2. Your convert function can use either the C-style format flags: %x, %d, %o to display the output in the correct format (except binary -- this one you'll have to implement manually) or you can use the C++ iomanip library which has manipulators such as hex, dec, oct, etc.

3. Registered User
Join Date
May 2005
Location
Usa
Posts
53
For C++ style, you can do this to convert decimal base to hex, oct base.
cout<<hex<<number<<endl; // hex base
cout<<oct<<number<<endl; // oct base

4. Senior Member
Join Date
Dec 2003
Posts
3,366
I so can't stand that -- what is the variable 'hex' ? Oh its not a variable its the same syntax used differently to confuse the reader. Not your fault for using it. But the standards guys had there head in the sand when they did that.

5. I don't see a difference between 'hex' and say 'endl'. These are function names that are passed to the stream object. I think they are more readable and intuitive than say "%x" or "%h" (the latter btw means 'short', heaven knows why).

6. Senior Member
Join Date
Dec 2003
Posts
3,366
I dont like endl either for the same reason. They are more readable than sprintf but you cant tell variables from commands. Sprintf puts the % on everything, which leaps out to the eye. cout << %hex << number; --- much better. Anything to say its not a variable would be better. %h means sHort probably, because s was used already -- again not terribly bright to use one letter for so long a list of types. I have also had cout (rarely) confuse << with shift and had to explicitly call operator <<, but thats another story...
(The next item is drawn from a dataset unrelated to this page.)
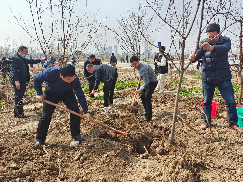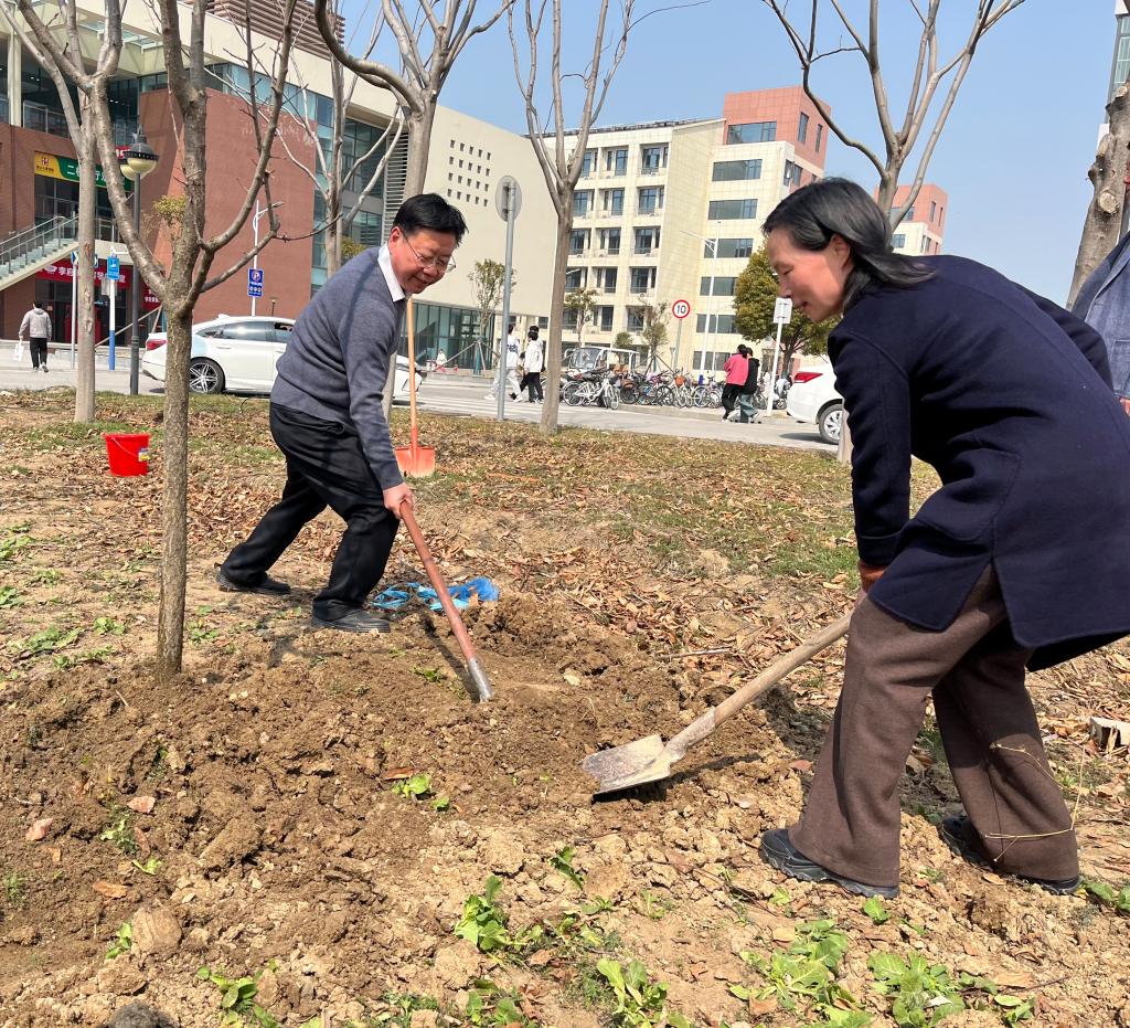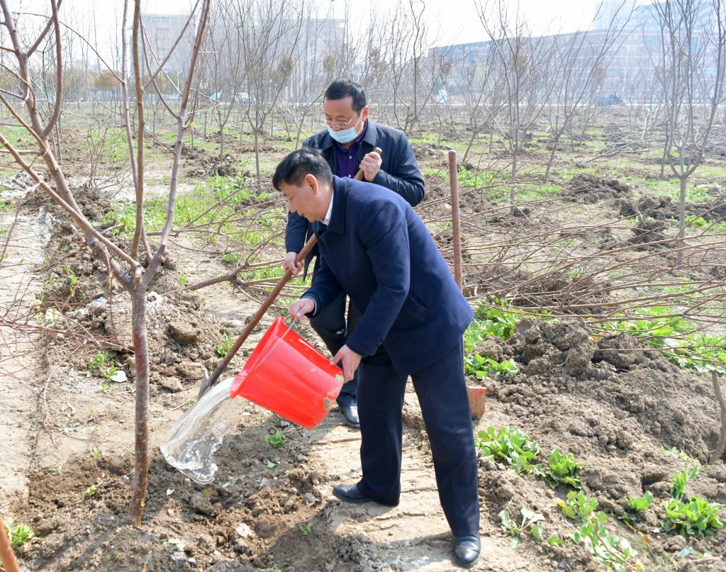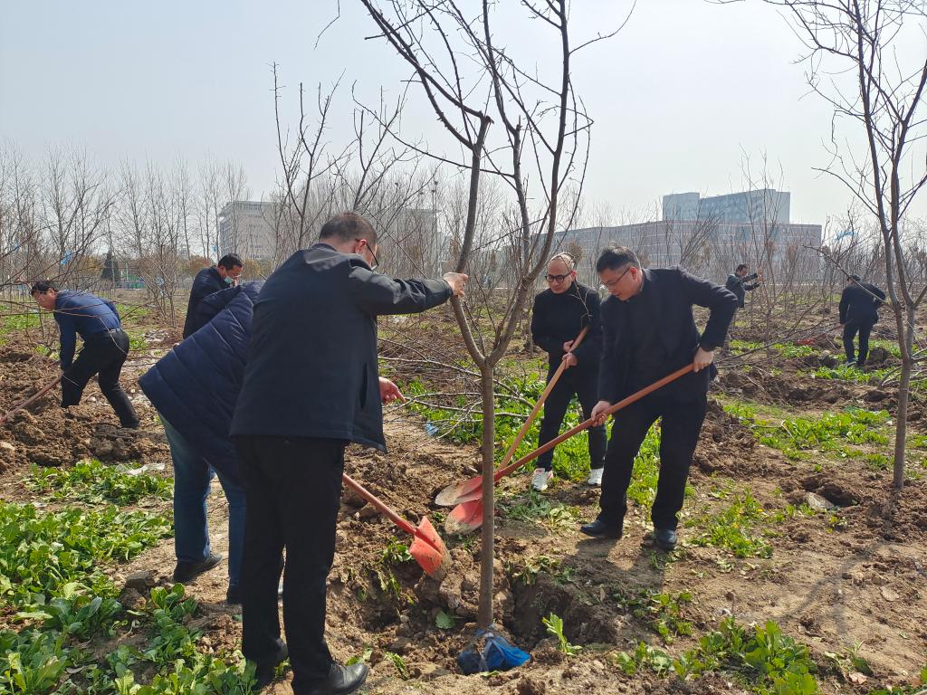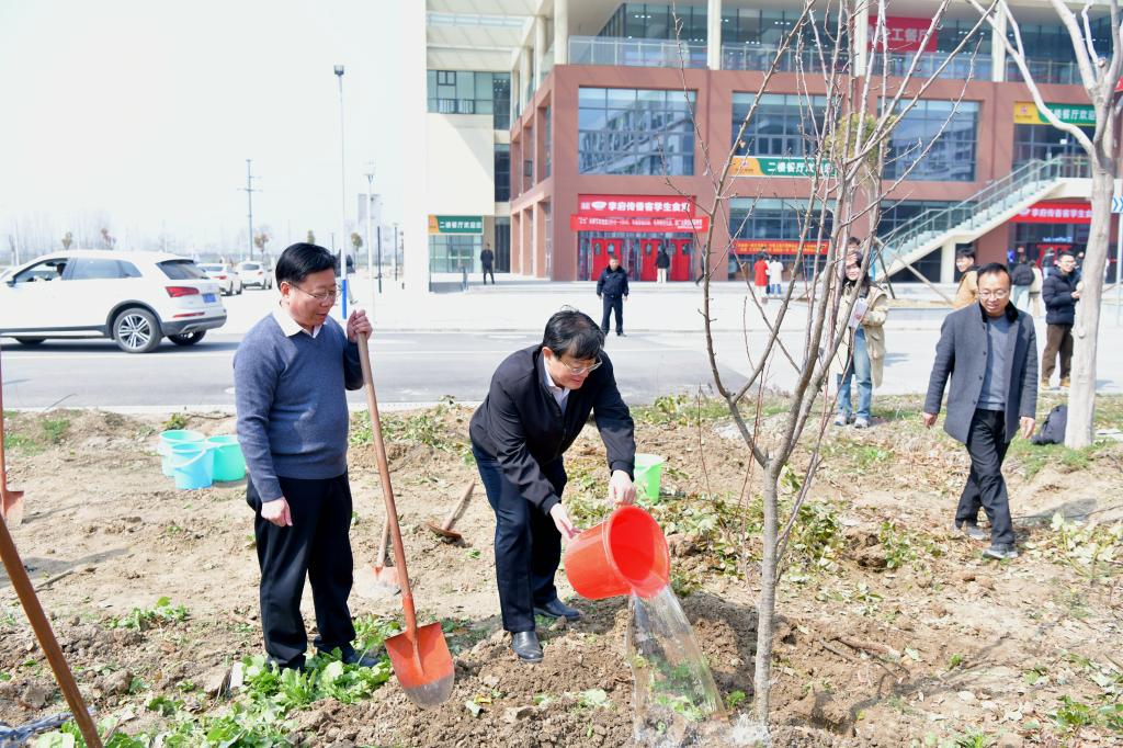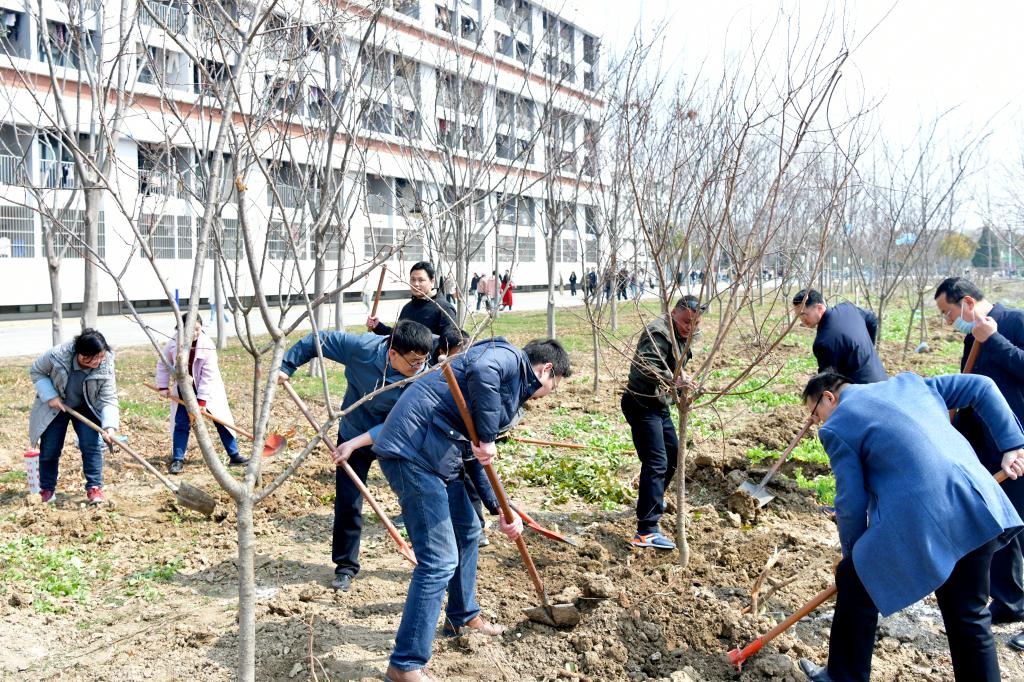 3月11日,在全国第46个植树节来临之际,我院开展“同行共栽希望树,同心共育接班人”为主题的植绿、护绿、爱绿校园植树活动。院领导李红、王俊、杨维志、邢存海、王红艳、陈得宝与近百名教职工一起参加了植树活动。
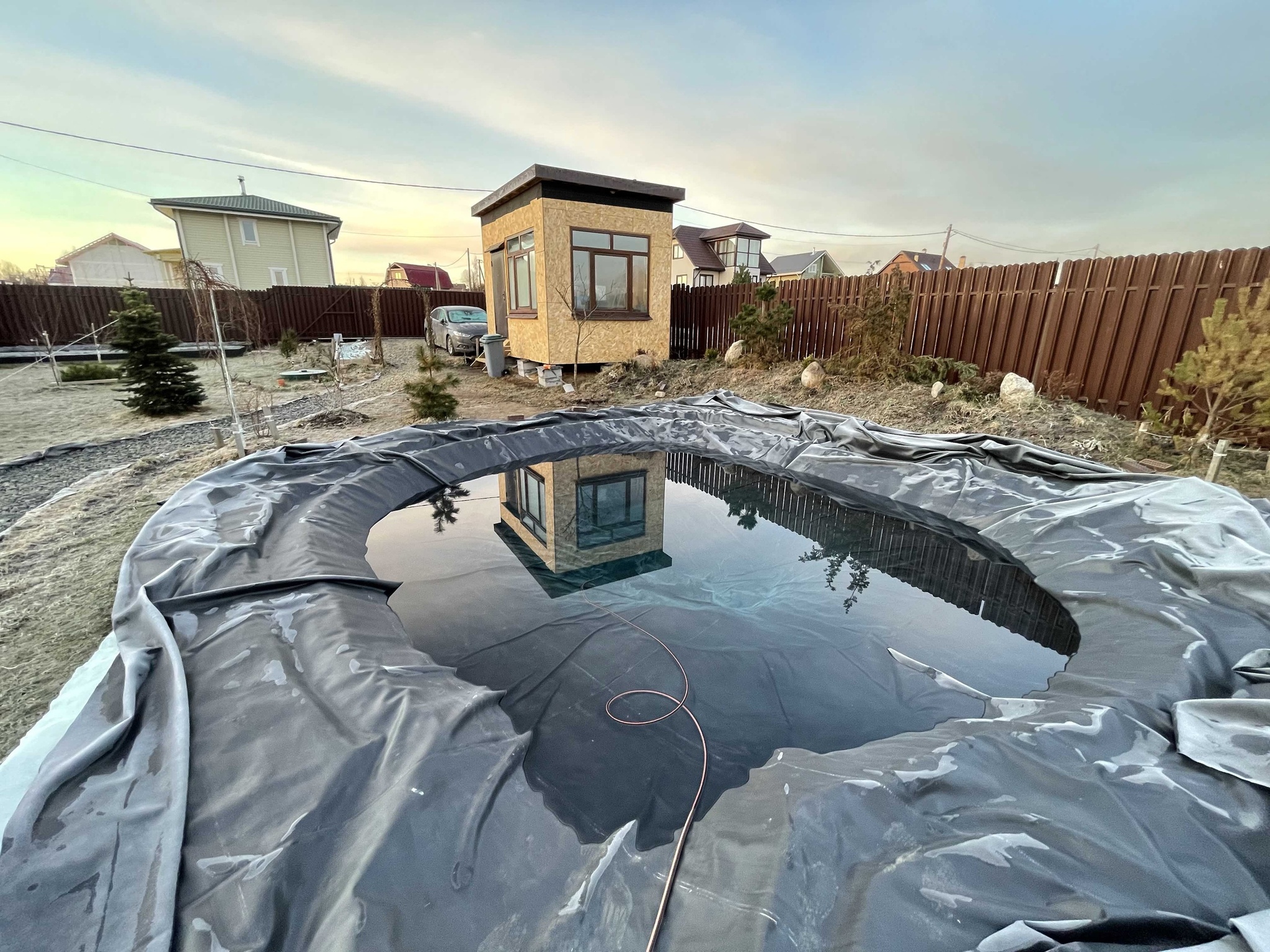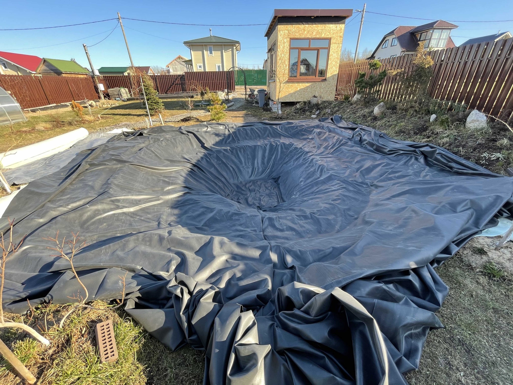 Итак, пруд был выкопан, решил под мембрану постелить геотекстиль плотностью 500 г/м2, саму мембрану выбрал EPDM Firestone 1.02мм.

7. OK, I'm not saying that it was the wised design descision but making hex, oct and other manipulators look like variables was deliberate. Think about the following code:

cout<<x;

without knowing what x is, you expect this statement to display x. Now if x happen to be a manipulator such as hex, the same applies here: cout, in a way, this "variable" and displays it on the screen except that it's not a numeric value but a format flag that affects the output. I do agree about the << and >> operators though. Not because they can be mistaken for a bit shift operator (any overloaded oerator would be mistaken for its built-in counterpart at some point) but because it's too long. It takes two characters which doesn't seem a lot but when you chain multiple values in a single statement, it really becomes cumbersome. Add to it the std:: prefixed to cout, end and other mnipulators, and you end up with cluttered up code.